Virtualization Fun

So after a handful of learning curves over the last couple of weeks, my Plex server officially has a new home!

Although my hope was to this summer be able to afford the new Synology NAS that I’ve been eyeballing for a couple of years now, I recently found myself in a position to instead upgrade pretty much everything else at a price far more affordable than that NAS, so here we are. 😉

Almost two weeks ago to this day, I discovered /r/homelabsales – a swell subreddit where fellow computer geeks are looking to offload old computers … particularly server-grade hardware that they themselves have acquired on the cheap to play around and learn on. Surprisingly enough, the same night I found the subreddit, I also found someone here in Tampa looking to get rid of a nice, little rackmount server – a Dell R610 with dual CPUs and a small amount of RAM that was still 6x what I was running in my old server!

The cost of $140 seemed pretty good at a glance, so the next day I met up with the guy and drove home with a new-to-me server whose box filled almost the entire trunk of my car… 😯

Since last week, I’ve given myself a bit of a crash course in virtualization – I’ve used plenty of VMs over the years myself, but I’ve never administered one, so I picked up a free copy of VMware’s free software and started tinkering with it. I definitely made a few mistakes along the way, mostly with regards to oversubscribing resources, but I think that’s mostly all behind us and as I type this now, I’ve migrated the Plex application itself over to its own new VM on my new server and I’m working on moving the various download tools that I use to get my media into their own VM as well.

The plan is basically to turn my old server into a de facto NAS – because its only role going forward will be to house hard drives – which will hopefully help to extend its life a bit longer by offloading all of the downloading and transcoding onto the newer and more robust machine, at least until I’m able to pickup that fancy NAS and retire my old desktop hardware turned home server altogether.

It’s crazy to see how far that thing has grown in only a couple of years! When I first started using Plex back in the fall of 2014, I think I had about 1.5 TB of media almost immediately. Six months later I was up to 20 TB, though things admittedly slowed down a bit from there … at least temporarily. Now 3.5 years later, that storage array is up to about 42 TB across 8 disks – two of which are external USB drives because I physically ran out of SATA ports in the box and the last time I messed with adding a new drive on an expansion card, it wiped out a 4 TB disk without a second glance, so I’m rightfully so a little nervous to touch anything else inside until I’ve started migrating data to a better solution!!!

But really, what I’ve got now has been serving me great – the few TB I still have free should last me until I’m ready to make that move and at this point there really isn’t that much more for me to add … or at least not stuff that can’t wait until space isn’t an issue again, anyways.

As for the new server, it’s admittedly pretty neat to watch 16 cores handle more Plex transcoding than I have kids and friends combined right now!

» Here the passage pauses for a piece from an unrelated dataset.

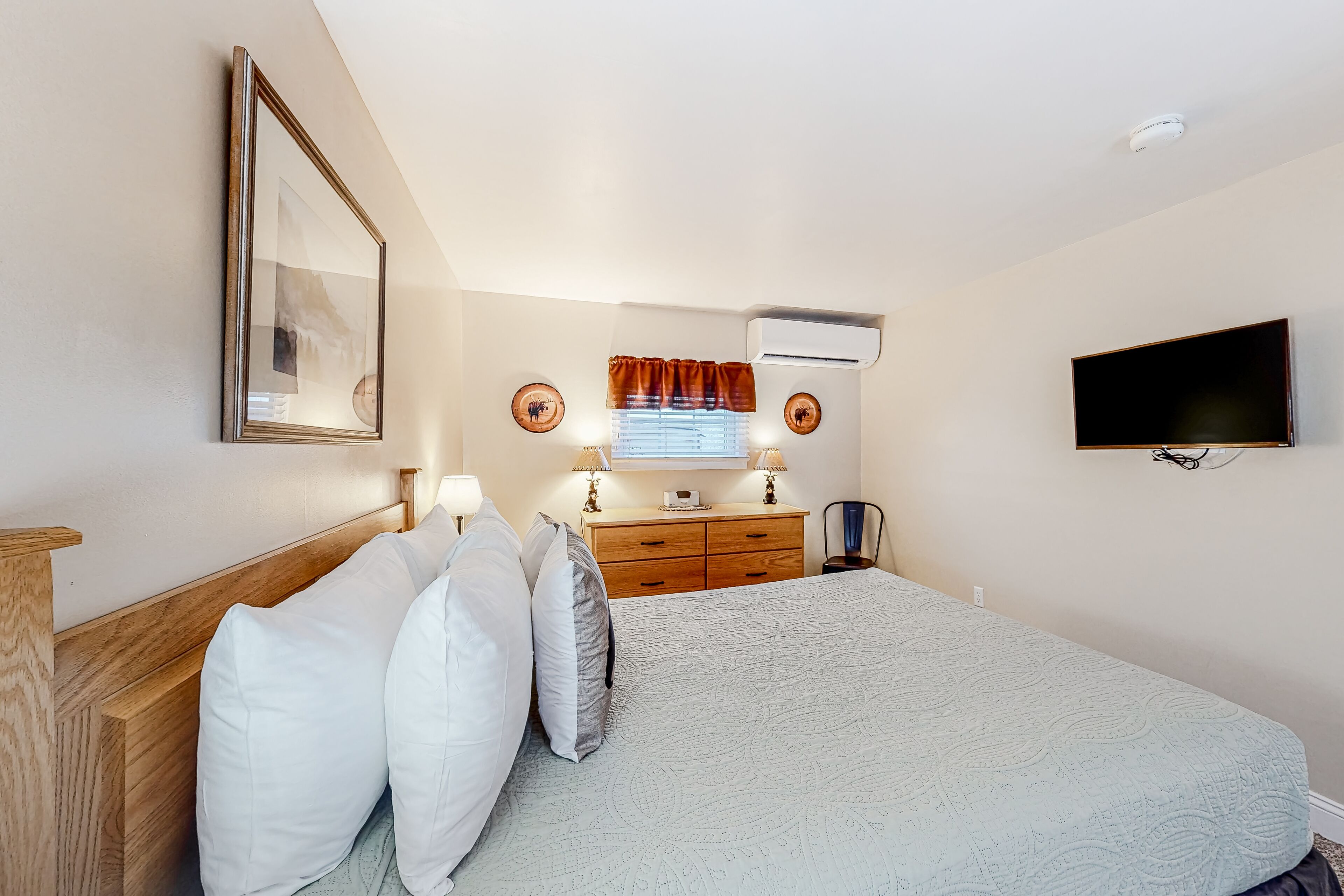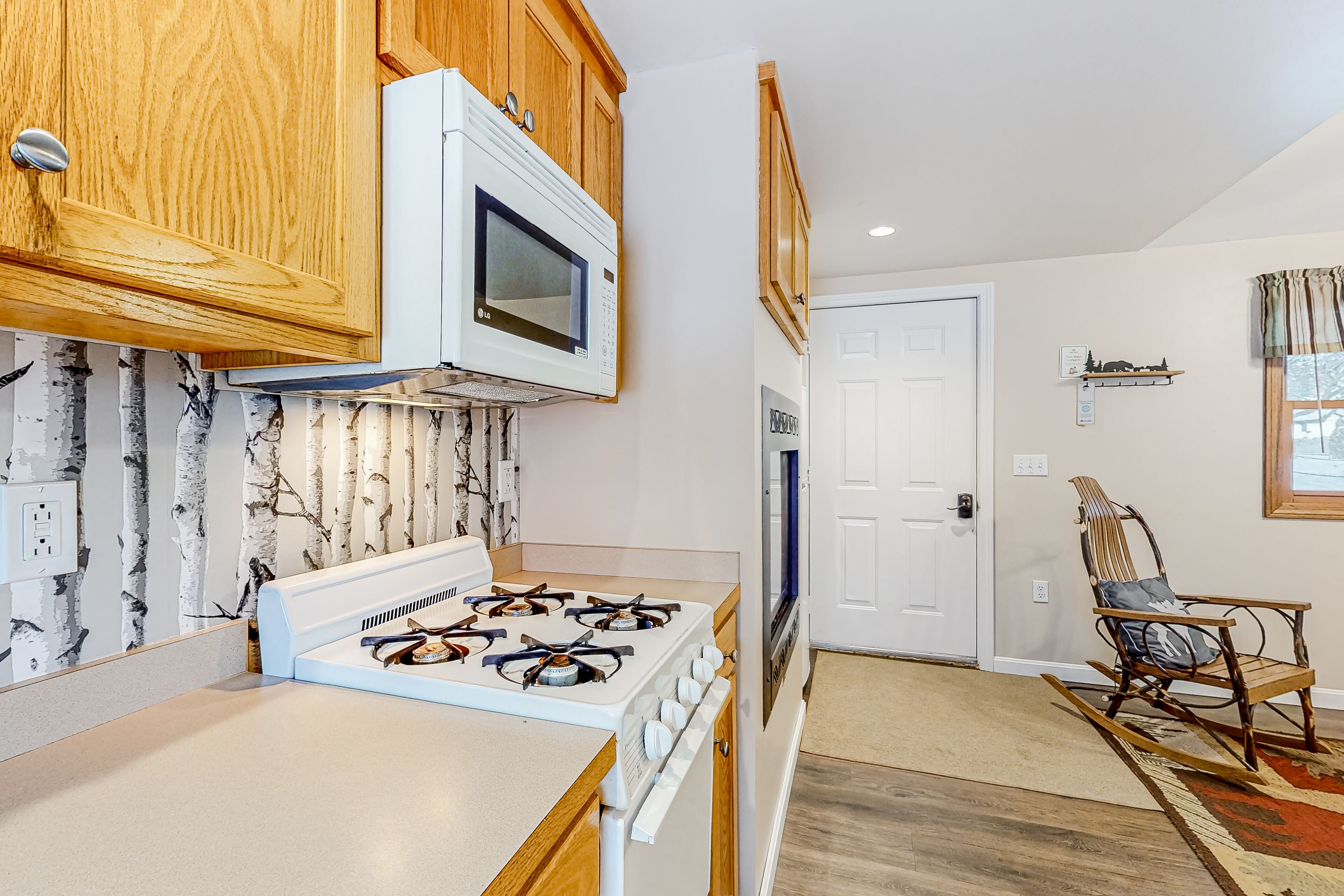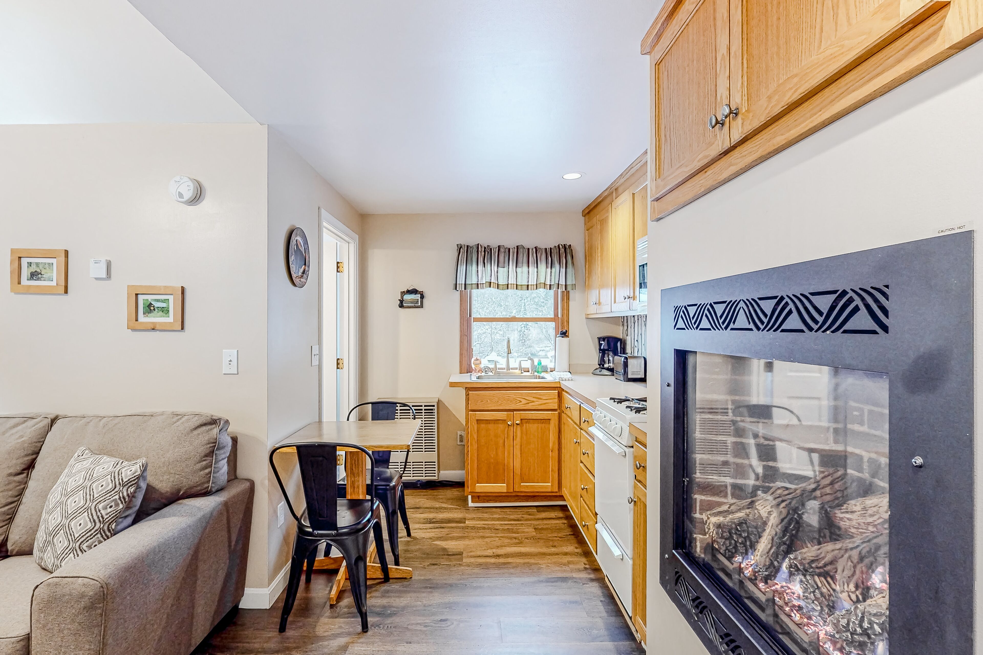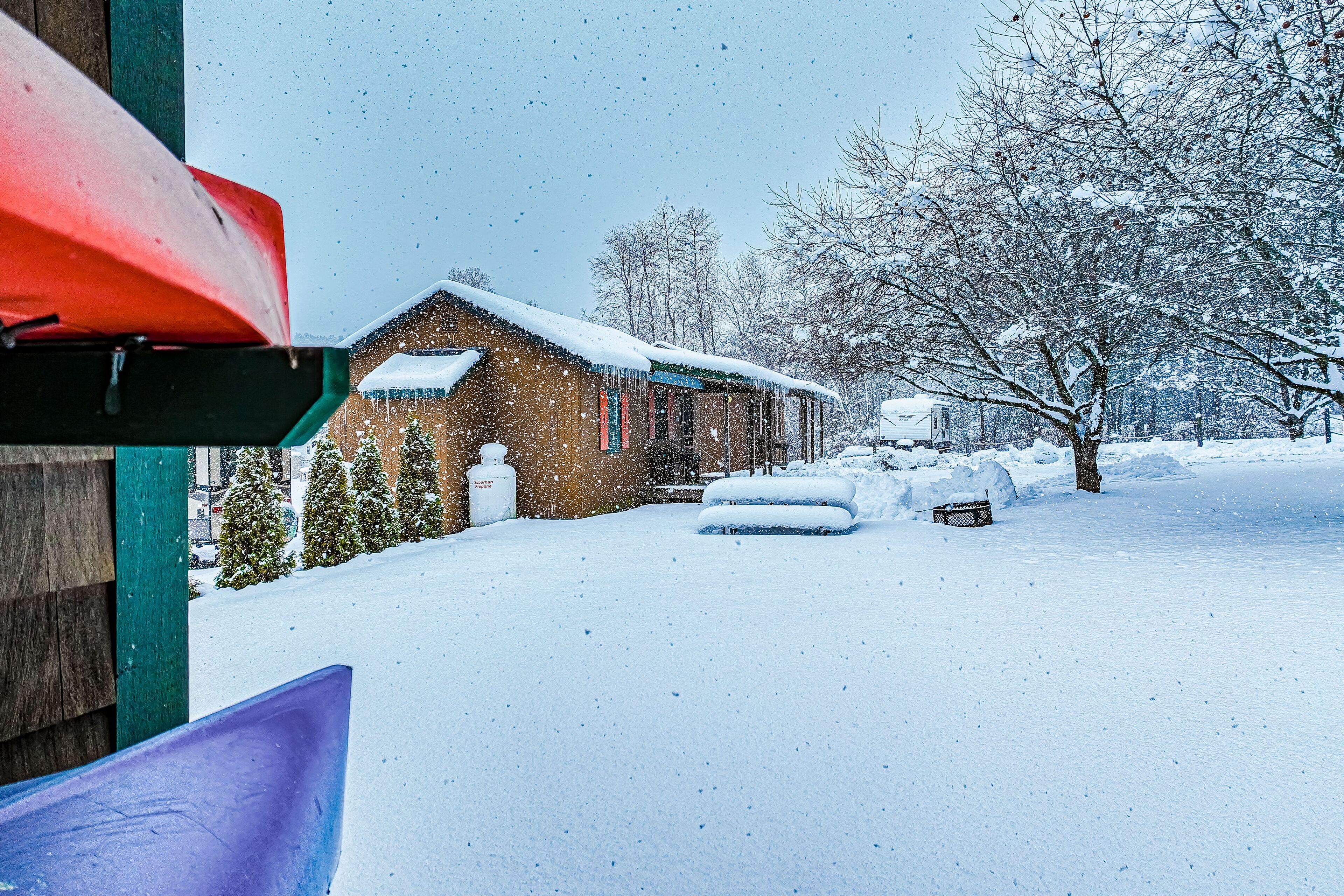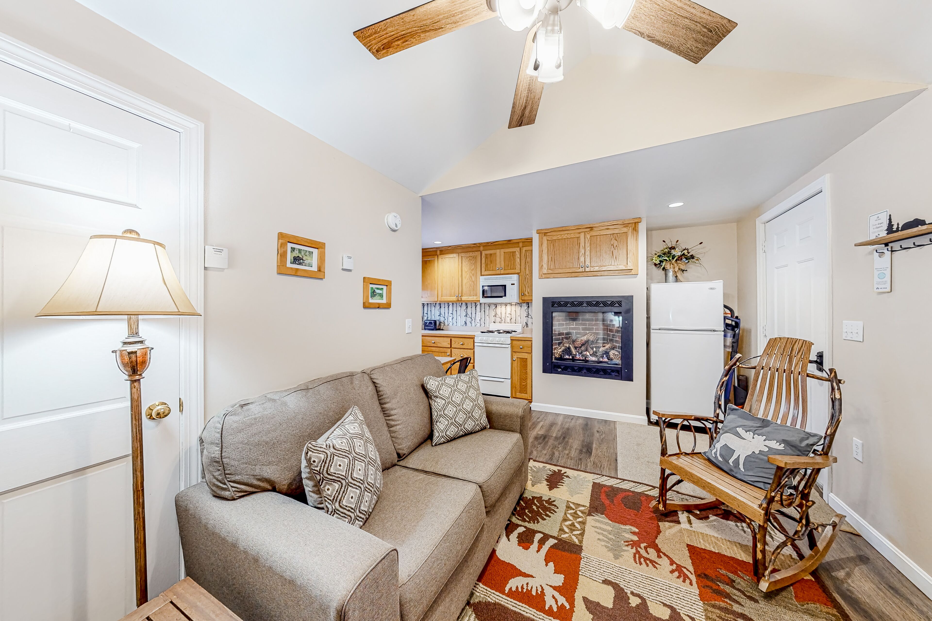 Dog-friendly, mountain-view cabin with shared hot tub, fireplace, & central AC Northwoods Lodge Cabin 1Our calendar is updated in real-time & our nightly rates are accurately displayed. Simply enter your desired dates and click 'Book Now!'This cozy cabin at Mountian View Campground is perfect for your next Vermont adventure. Enjoy relaxing in the shared covered hot tub, or walking on the 13 acres of riverfront property, excellent for enjoying the gorgeous mountain views. You’ll be in the perfect location to experience outdoor activities like skiing and snowshoeing, as well as delicious eateries and breweries for extra fun. Retreat to your abode after the day’s adventures and find a furnished porch, perfect for relaxing and unwinding. Inside, you’ll have all the amenities you need to make your stay a success! The living area has a soft sofa, a rustic rocking chair, and a desk, perfect for last-minute work projects. The adjoining space has a gas fireplace for additional coziness and a well-equipped kitchen. Sit down at the formal dining table to share meals and conversation about the day's explorations. In the spacious bedroom, enjoy ample sprawling space, soft bedding, and plenty of storage space. Rest assured that restful nights' sleep is guaranteed with the cabin's partial air-conditioning.THINGS TO KNOW Streaming TV services require guest accounts to access.The cabin is located on a campground property that is closed in the winter.If you are bringing a dog on your trip, the pet fee is already included in your quote when selecting ‘Yes’ to pets. If you would like to add more dogs, please contact us. The pet fee is per stay and ranges between $150 and $200, depending on the bedroom count, and will apply for each additional dog.Parking notes: There is free parking available for 1 vehicle.Please note: this home resides in a noise-sensitive area and the owners participate in our Good Neighbor protection program. Our smart home technology will alert our team if excessive decibel or occupancy levels are detected, allowing us to reach out directly with a reminder of maximum occupancy and quiet hours. This technology is privacy compliant, and only monitors the presence of decibels and devices-not any personal conversation or information. Thank you for supporting our efforts to be good neighbors!Damage waiver: The total cost of your reservation for this Property includes a nightly damage waiver fee, plus tax if applicable (the “Damage Waiver”). (A discount may be applied for stays of 28 nights or longer, if permitted.) The Damage Waiver covers you for up to $3,000 of accidental damage to the Property or its contents (such as furniture, fixtures, and appliances) as long as you report the incident to the host prior to checking out. The Damage Waiver fee eliminates the need for a traditional security deposit.More information can be downloaded from the "Rental Agreement" on the checkout page.Due to local laws or HOA requirements, guests must be at least 21 years of age to book. Guests under 21 must be accompanied by a parent or legal guardian for the duration of the reservation.

The other day I did a test run and started streams on every device I could find in the house – three TVs, my phone, Christopher’s iPad, and my PC – and even with a couple of them transcoding, there was still plenty of overhead to spare, so that makes me happy. I’ve actually been able to use some of the new horsepower to convert 4k videos into encodings that my TV can actually handle, so it’s been neat actually getting to watch some 4k content for a change, too!

If anything, it gives me something new to play with while I save my pennies for the next upgrade.

…and figure out where I’m going to fit a server rack in my bedroom closet…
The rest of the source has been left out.